→ EXERCISE INSTRUCTIONS
Could you write out, exactly as they stand, only the lines in the listing below from the line with "其山水畫作品也具有獨特的藝術" to the line with "Turkooizen jumpsuit met", both ends included, without the pictures?
####
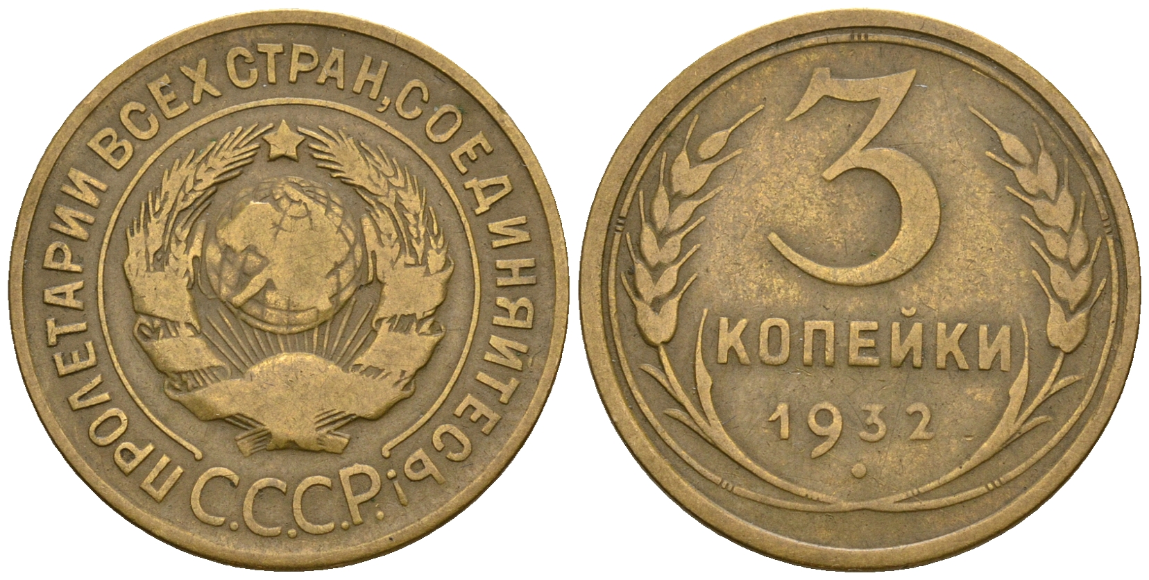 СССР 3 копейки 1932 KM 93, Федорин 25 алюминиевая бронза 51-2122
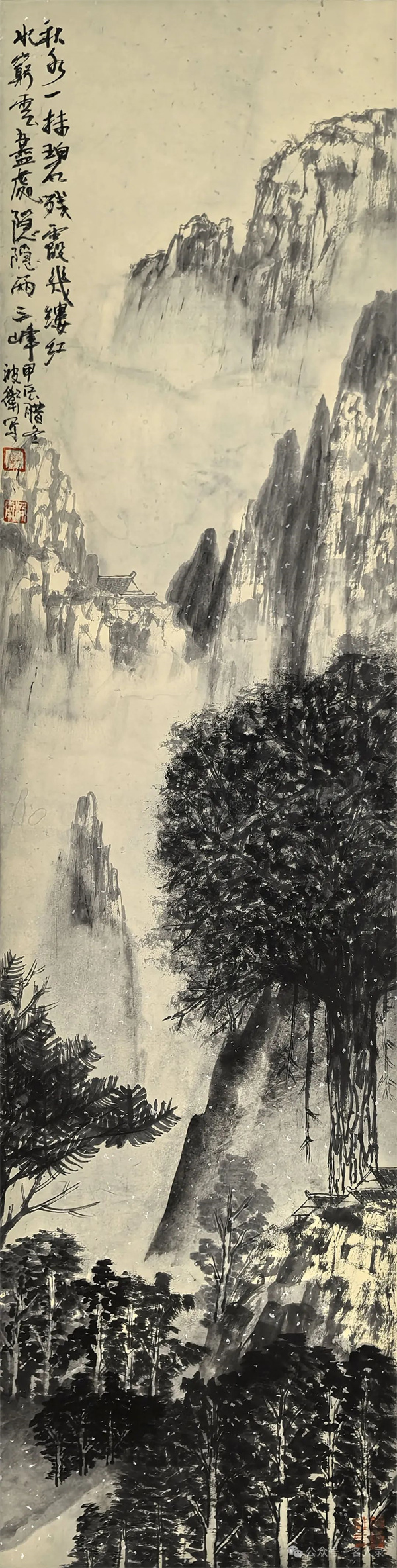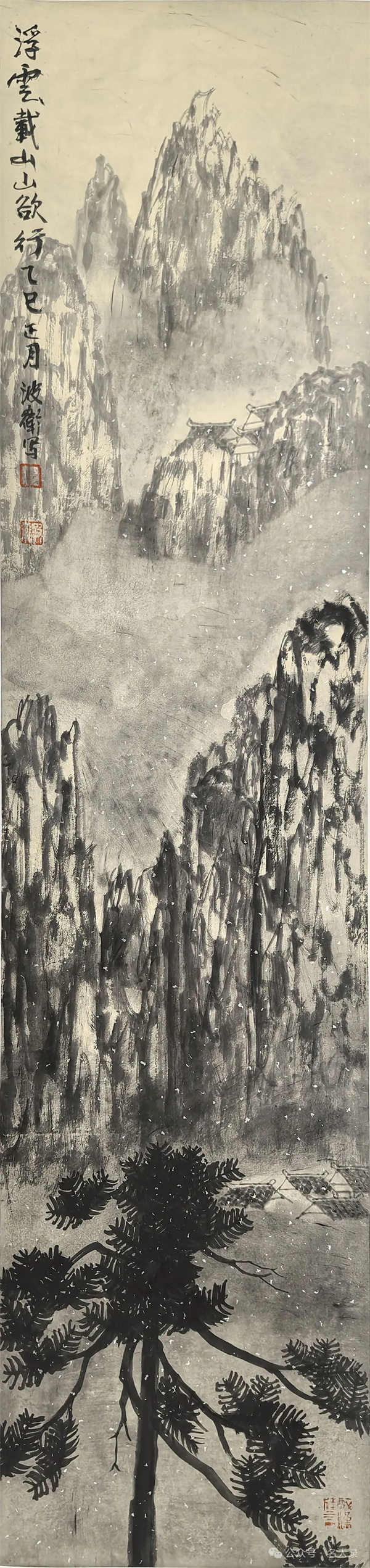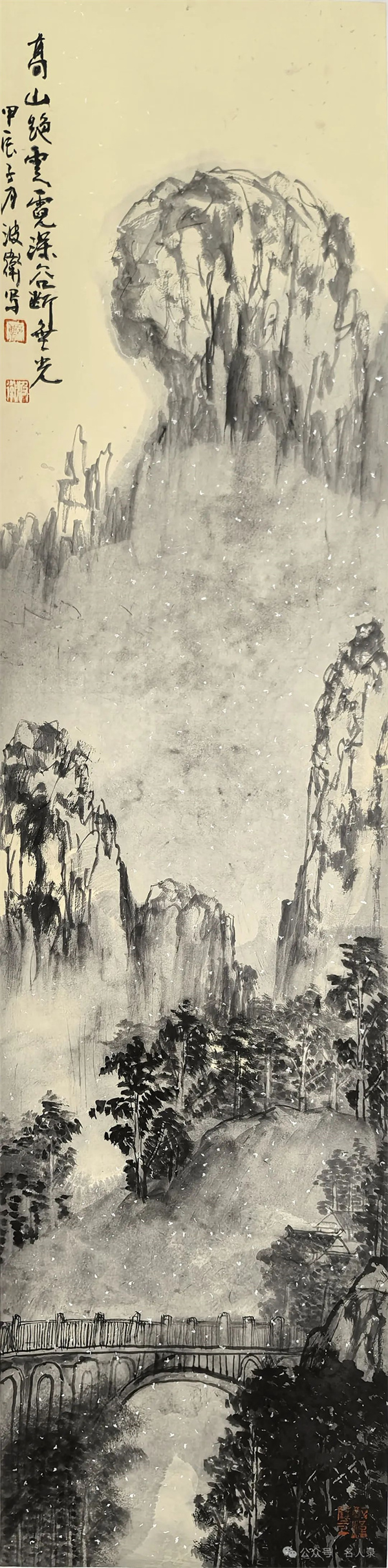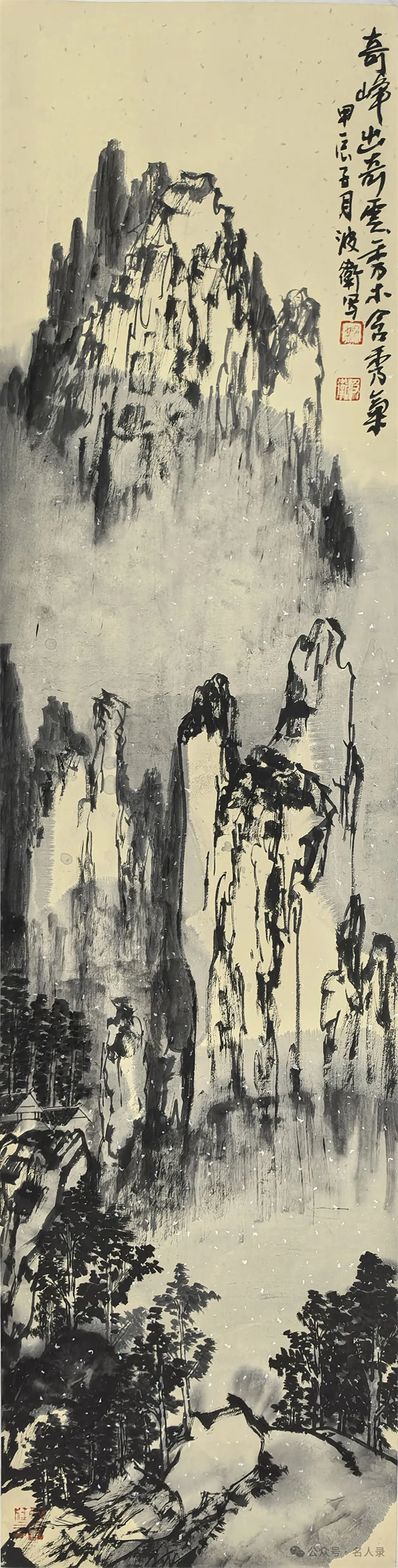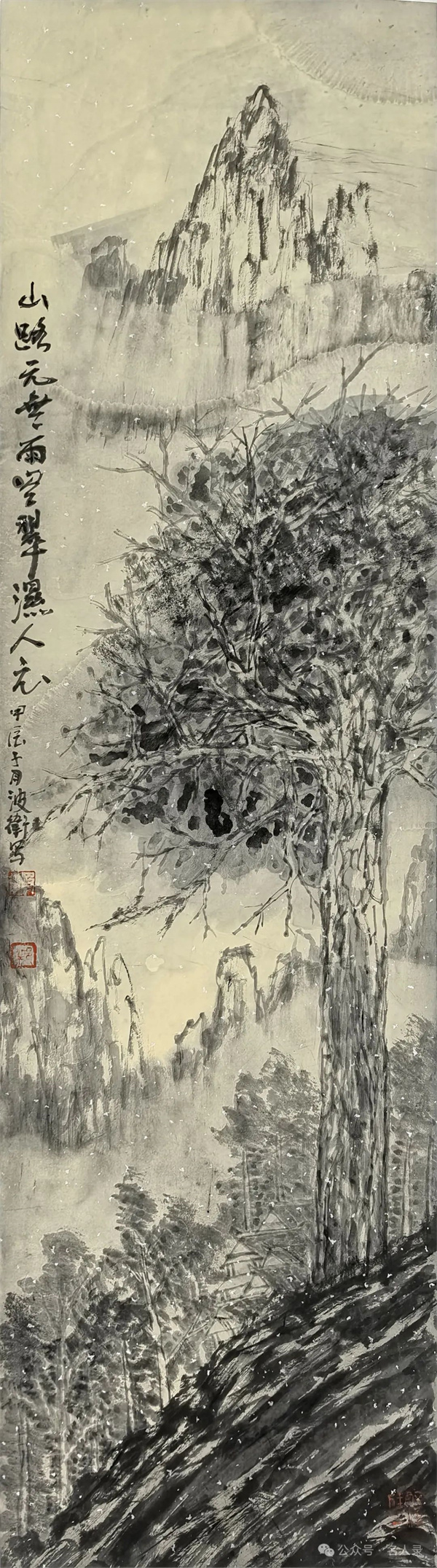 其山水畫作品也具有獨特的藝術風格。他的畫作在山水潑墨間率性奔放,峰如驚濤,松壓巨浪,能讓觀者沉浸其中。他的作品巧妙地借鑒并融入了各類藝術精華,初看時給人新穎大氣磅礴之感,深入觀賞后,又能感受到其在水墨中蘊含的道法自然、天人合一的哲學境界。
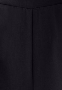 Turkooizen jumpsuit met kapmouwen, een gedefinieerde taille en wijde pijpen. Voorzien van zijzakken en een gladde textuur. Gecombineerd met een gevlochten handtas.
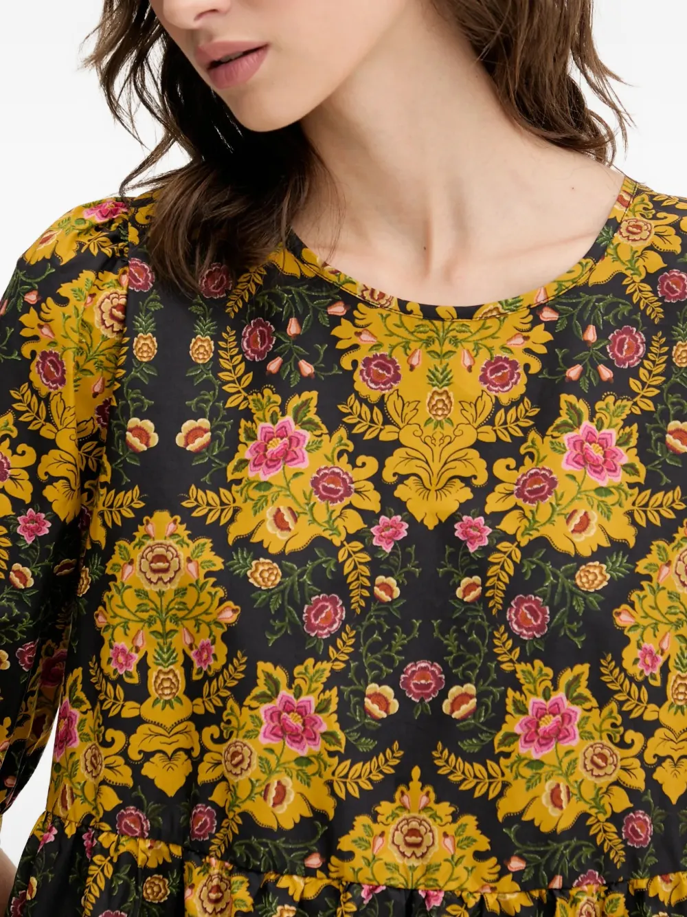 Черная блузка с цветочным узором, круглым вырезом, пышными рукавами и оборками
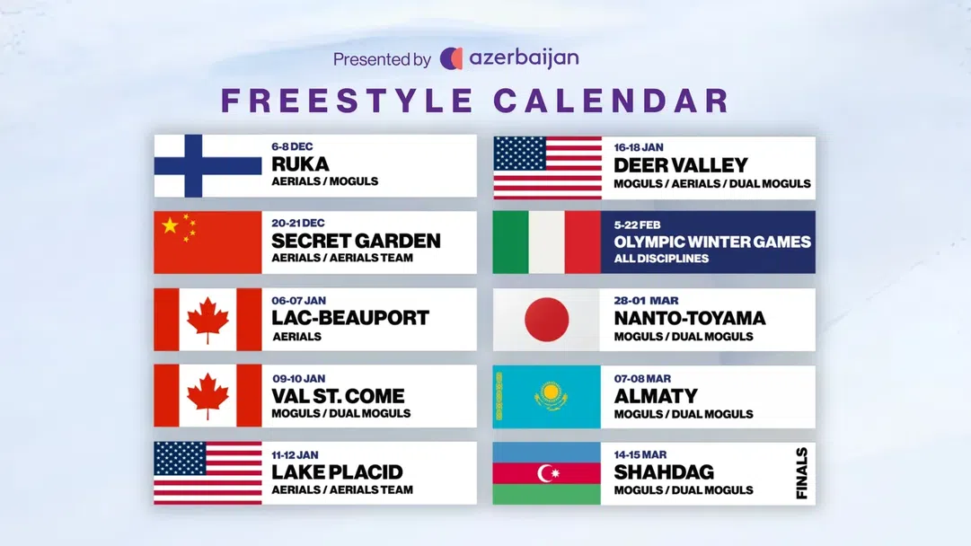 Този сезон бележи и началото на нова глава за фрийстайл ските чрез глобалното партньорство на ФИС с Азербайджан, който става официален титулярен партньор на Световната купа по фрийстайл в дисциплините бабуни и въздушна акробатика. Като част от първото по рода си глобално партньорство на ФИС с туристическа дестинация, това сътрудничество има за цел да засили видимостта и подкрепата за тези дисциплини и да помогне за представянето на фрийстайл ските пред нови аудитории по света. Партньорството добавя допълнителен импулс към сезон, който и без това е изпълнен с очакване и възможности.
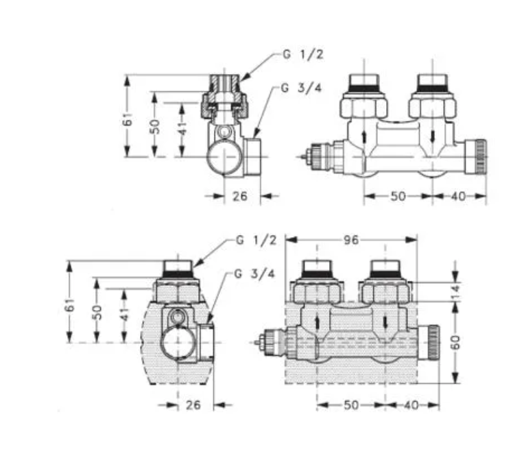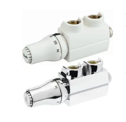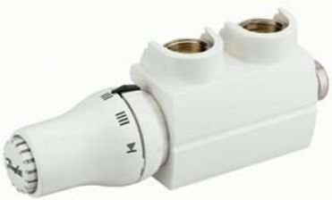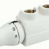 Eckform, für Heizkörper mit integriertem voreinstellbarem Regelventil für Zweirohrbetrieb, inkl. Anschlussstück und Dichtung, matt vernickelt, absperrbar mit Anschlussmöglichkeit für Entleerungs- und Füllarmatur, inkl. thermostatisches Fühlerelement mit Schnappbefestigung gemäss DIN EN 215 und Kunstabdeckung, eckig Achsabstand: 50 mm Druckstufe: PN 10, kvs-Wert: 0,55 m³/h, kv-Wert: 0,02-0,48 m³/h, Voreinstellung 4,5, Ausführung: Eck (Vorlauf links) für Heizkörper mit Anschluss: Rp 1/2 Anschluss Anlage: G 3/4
####
→ RESPONSE BELOW
 其山水畫作品也具有獨特的藝術風格。他的畫作在山水潑墨間率性奔放,峰如驚濤,松壓巨浪,能讓觀者沉浸其中。他的作品巧妙地借鑒并融入了各類藝術精華,初看時給人新穎大氣磅礴之感,深入觀賞后,又能感受到其在水墨中蘊含的道法自然、天人合一的哲學境界。
 Turkooizen jumpsuit met kapmouwen, een gedefinieerde taille en wijde pijpen. Voorzien van zijzakken en een gladde textuur. Gecombineerd met een gevlochten handtas.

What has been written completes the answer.